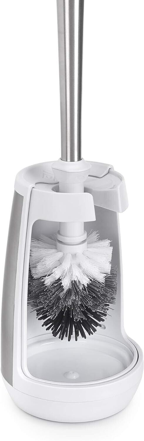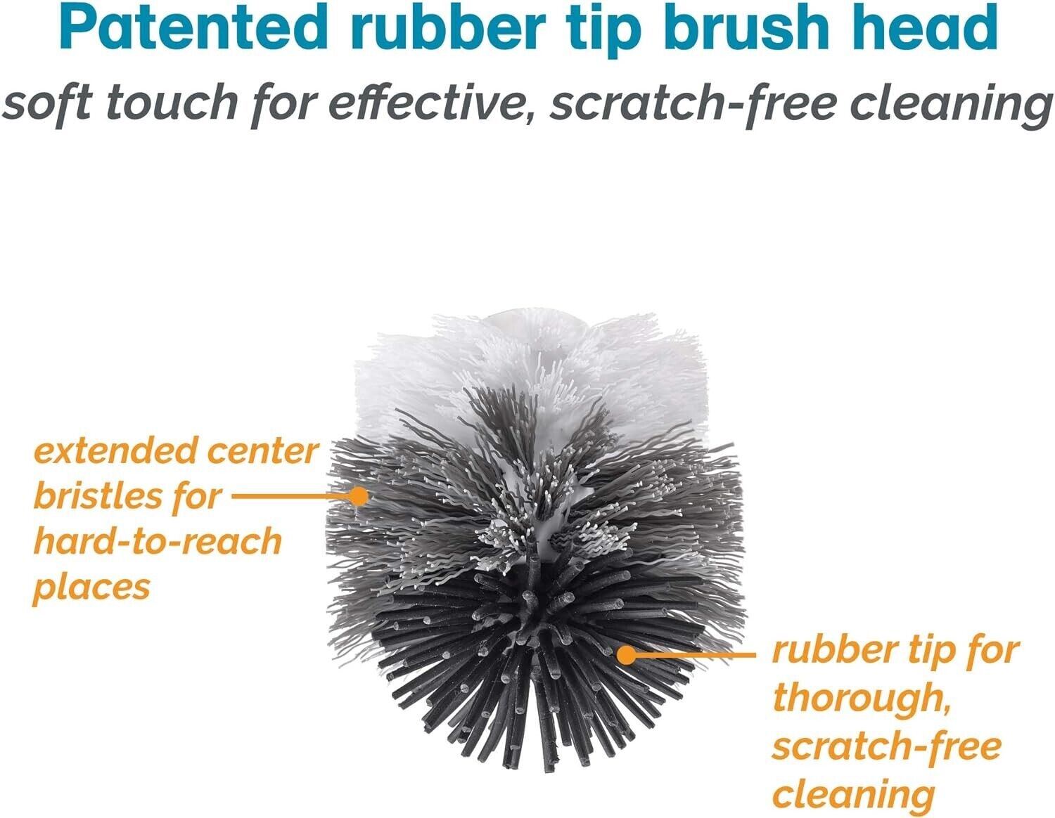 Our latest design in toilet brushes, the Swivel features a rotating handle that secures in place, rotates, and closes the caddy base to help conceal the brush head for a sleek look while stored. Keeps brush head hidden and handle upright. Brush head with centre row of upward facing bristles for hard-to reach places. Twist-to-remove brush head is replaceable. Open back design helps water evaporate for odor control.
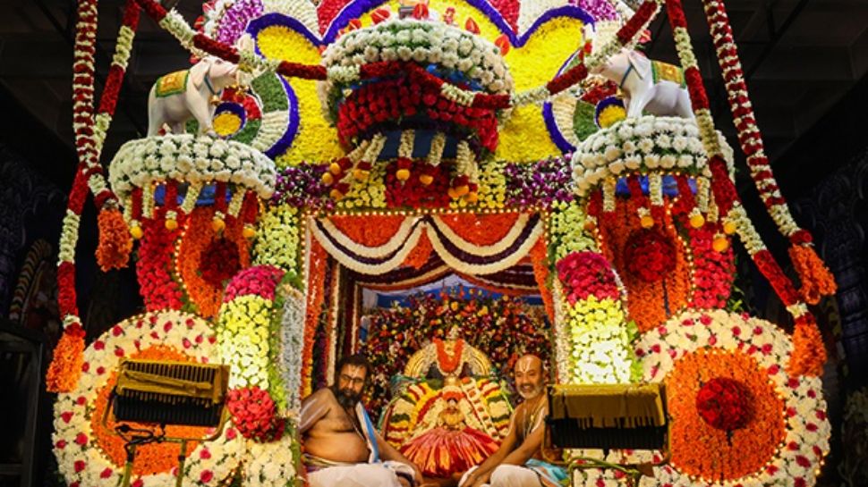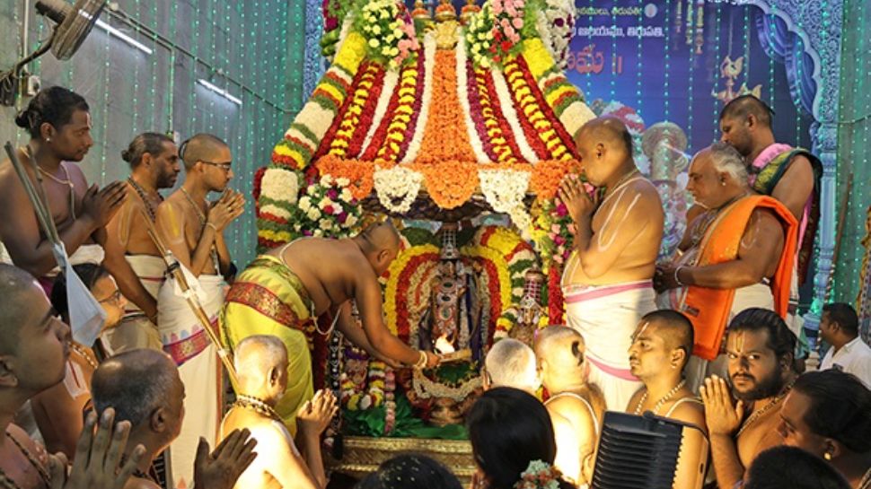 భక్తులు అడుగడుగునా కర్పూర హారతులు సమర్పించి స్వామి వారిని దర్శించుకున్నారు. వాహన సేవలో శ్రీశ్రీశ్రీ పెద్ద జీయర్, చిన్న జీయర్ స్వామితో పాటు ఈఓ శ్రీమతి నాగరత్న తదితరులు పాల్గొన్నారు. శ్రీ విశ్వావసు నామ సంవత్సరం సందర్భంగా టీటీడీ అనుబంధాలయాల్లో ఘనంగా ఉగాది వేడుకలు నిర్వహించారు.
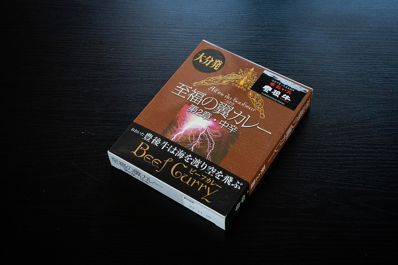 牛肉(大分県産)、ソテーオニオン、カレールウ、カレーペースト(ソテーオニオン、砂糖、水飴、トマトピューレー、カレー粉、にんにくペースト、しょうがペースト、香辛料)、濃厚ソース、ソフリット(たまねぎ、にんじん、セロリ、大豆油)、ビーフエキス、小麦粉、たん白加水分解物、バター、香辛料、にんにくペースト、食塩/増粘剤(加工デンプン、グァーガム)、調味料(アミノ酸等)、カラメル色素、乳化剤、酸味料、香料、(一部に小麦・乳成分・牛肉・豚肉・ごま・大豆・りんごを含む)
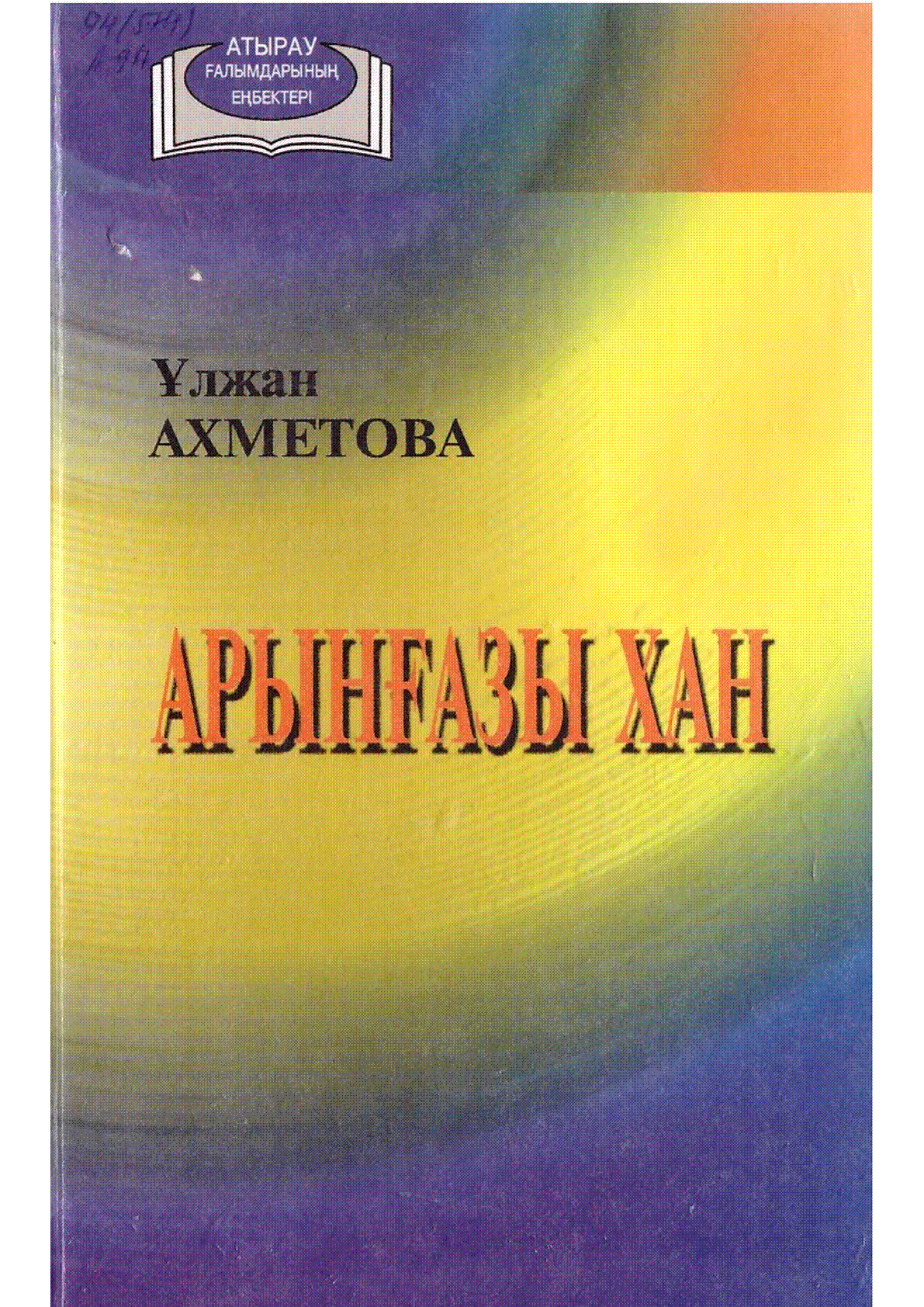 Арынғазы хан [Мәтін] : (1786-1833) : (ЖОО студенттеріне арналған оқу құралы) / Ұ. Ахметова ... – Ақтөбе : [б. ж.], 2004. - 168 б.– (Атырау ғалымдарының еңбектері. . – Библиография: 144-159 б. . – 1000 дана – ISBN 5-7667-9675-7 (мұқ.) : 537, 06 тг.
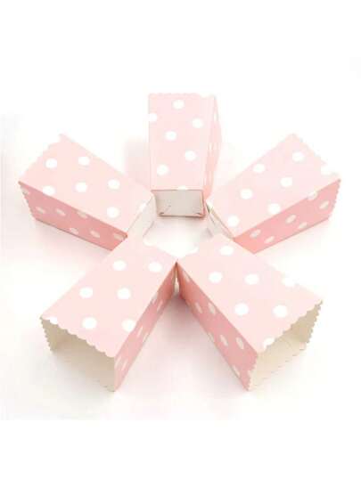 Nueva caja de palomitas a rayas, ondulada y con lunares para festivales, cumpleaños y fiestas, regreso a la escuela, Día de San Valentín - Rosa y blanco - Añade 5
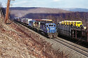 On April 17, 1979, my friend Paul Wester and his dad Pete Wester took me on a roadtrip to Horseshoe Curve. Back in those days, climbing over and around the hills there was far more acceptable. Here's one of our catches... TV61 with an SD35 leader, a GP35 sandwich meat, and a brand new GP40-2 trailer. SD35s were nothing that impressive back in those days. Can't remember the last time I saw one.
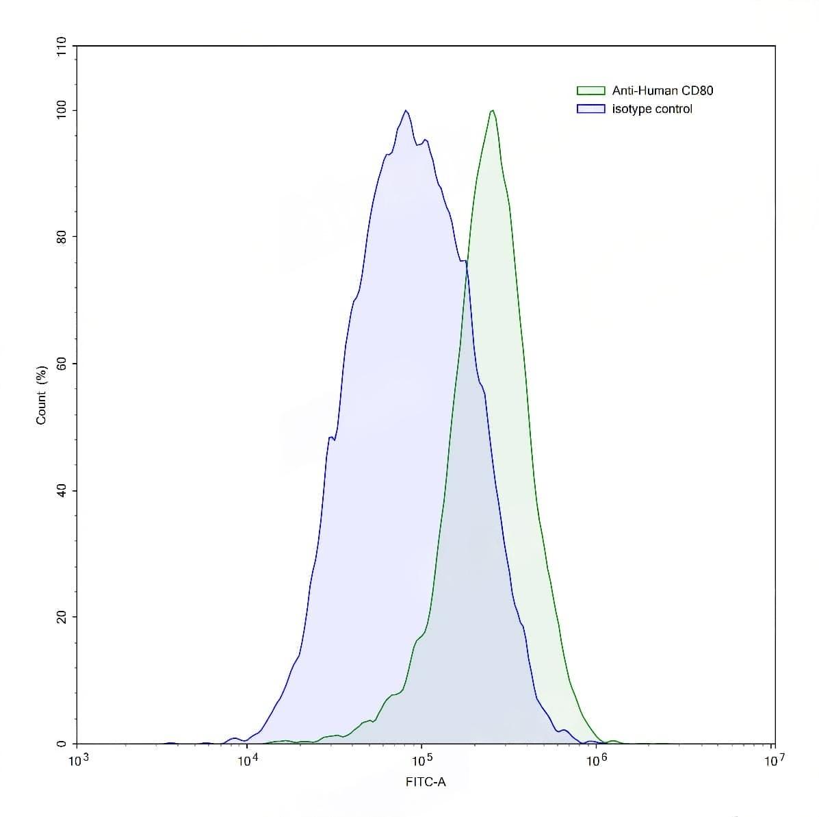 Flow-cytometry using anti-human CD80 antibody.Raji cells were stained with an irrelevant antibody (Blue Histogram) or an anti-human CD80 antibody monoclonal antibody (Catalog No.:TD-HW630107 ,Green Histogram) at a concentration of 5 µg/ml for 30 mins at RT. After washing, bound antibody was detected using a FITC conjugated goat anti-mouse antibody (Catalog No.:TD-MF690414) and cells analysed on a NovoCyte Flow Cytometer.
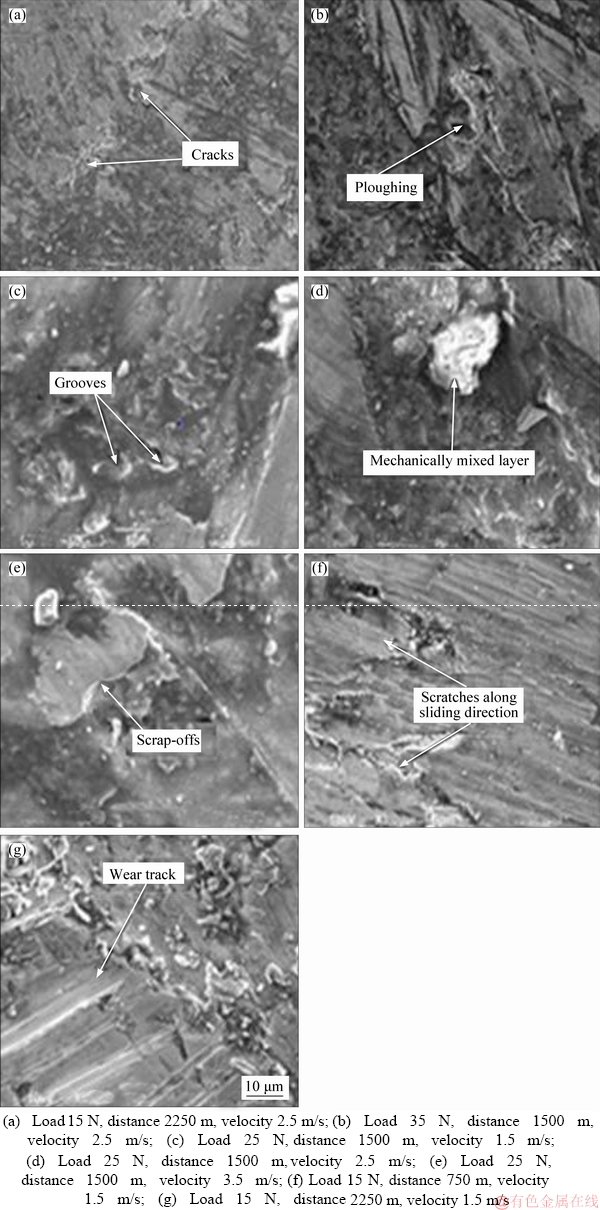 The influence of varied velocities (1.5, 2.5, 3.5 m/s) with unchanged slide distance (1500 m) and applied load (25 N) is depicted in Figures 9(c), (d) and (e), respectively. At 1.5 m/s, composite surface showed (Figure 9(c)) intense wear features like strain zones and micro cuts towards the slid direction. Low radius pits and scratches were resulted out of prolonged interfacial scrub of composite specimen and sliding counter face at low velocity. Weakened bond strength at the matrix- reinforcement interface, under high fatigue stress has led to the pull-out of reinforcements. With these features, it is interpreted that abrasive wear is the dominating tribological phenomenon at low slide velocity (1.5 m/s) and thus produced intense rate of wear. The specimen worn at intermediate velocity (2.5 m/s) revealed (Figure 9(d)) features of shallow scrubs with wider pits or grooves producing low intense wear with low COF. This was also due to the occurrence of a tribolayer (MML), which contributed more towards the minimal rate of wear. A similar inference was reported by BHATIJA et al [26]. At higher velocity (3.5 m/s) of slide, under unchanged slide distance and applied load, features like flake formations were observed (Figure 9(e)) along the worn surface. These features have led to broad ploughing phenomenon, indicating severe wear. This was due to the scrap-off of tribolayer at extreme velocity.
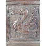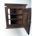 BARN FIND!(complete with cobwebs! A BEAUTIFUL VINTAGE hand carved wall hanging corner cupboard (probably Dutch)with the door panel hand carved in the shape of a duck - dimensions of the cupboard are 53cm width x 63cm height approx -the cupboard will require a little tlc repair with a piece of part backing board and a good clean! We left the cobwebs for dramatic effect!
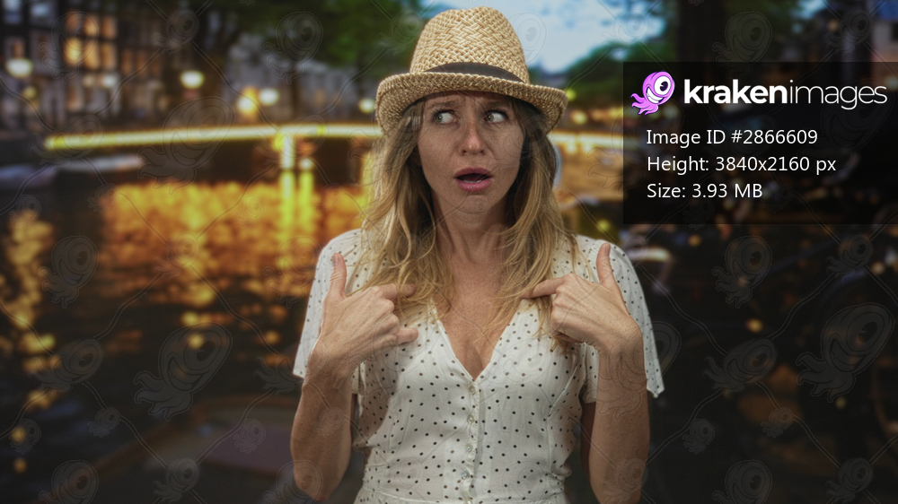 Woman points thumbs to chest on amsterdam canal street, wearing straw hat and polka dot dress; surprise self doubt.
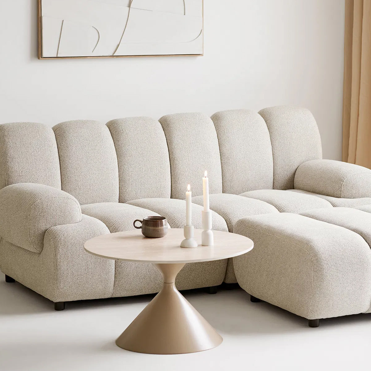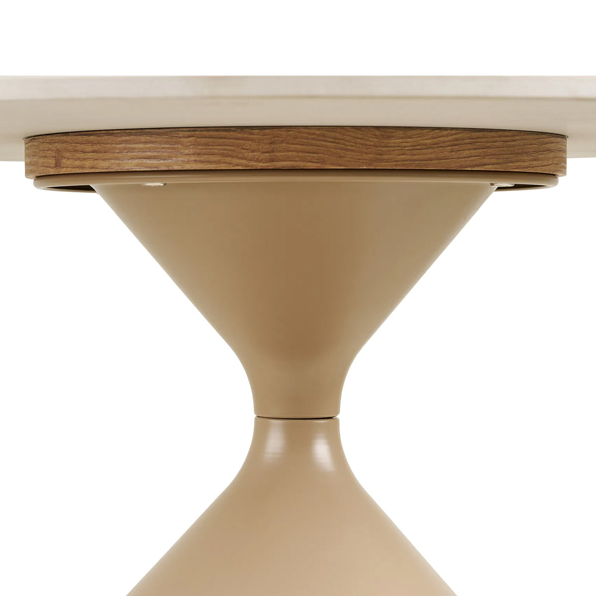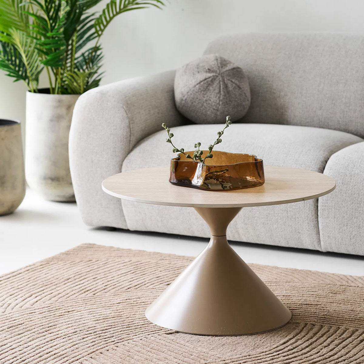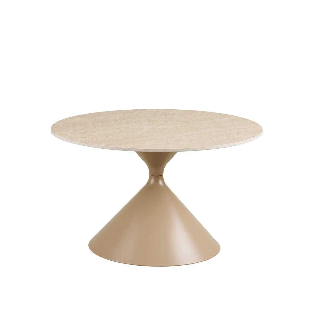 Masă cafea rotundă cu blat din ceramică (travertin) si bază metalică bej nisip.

---

◆ **Problem requirements**
Using the data above, retype exactly and only the lines from the one containing "牛肉(大分県産)、ソテーオニ" up to and including the one containing "Flow-cytometry using anti-human", with no pictures carried over.

◆ **Exercise response**
 牛肉(大分県産)、ソテーオニオン、カレールウ、カレーペースト(ソテーオニオン、砂糖、水飴、トマトピューレー、カレー粉、にんにくペースト、しょうがペースト、香辛料)、濃厚ソース、ソフリット(たまねぎ、にんじん、セロリ、大豆油)、ビーフエキス、小麦粉、たん白加水分解物、バター、香辛料、にんにくペースト、食塩/増粘剤(加工デンプン、グァーガム)、調味料(アミノ酸等)、カラメル色素、乳化剤、酸味料、香料、(一部に小麦・乳成分・牛肉・豚肉・ごま・大豆・りんごを含む)
 Арынғазы хан [Мәтін] : (1786-1833) : (ЖОО студенттеріне арналған оқу құралы) / Ұ. Ахметова ... – Ақтөбе : [б. ж.], 2004. - 168 б.– (Атырау ғалымдарының еңбектері. . – Библиография: 144-159 б. . – 1000 дана – ISBN 5-7667-9675-7 (мұқ.) : 537, 06 тг.
 Nueva caja de palomitas a rayas, ondulada y con lunares para festivales, cumpleaños y fiestas, regreso a la escuela, Día de San Valentín - Rosa y blanco - Añade 5
 On April 17, 1979, my friend Paul Wester and his dad Pete Wester took me on a roadtrip to Horseshoe Curve. Back in those days, climbing over and around the hills there was far more acceptable. Here's one of our catches... TV61 with an SD35 leader, a GP35 sandwich meat, and a brand new GP40-2 trailer. SD35s were nothing that impressive back in those days. Can't remember the last time I saw one.
 Flow-cytometry using anti-human CD80 antibody.Raji cells were stained with an irrelevant antibody (Blue Histogram) or an anti-human CD80 antibody monoclonal antibody (Catalog No.:TD-HW630107 ,Green Histogram) at a concentration of 5 µg/ml for 30 mins at RT. After washing, bound antibody was detected using a FITC conjugated goat anti-mouse antibody (Catalog No.:TD-MF690414) and cells analysed on a NovoCyte Flow Cytometer.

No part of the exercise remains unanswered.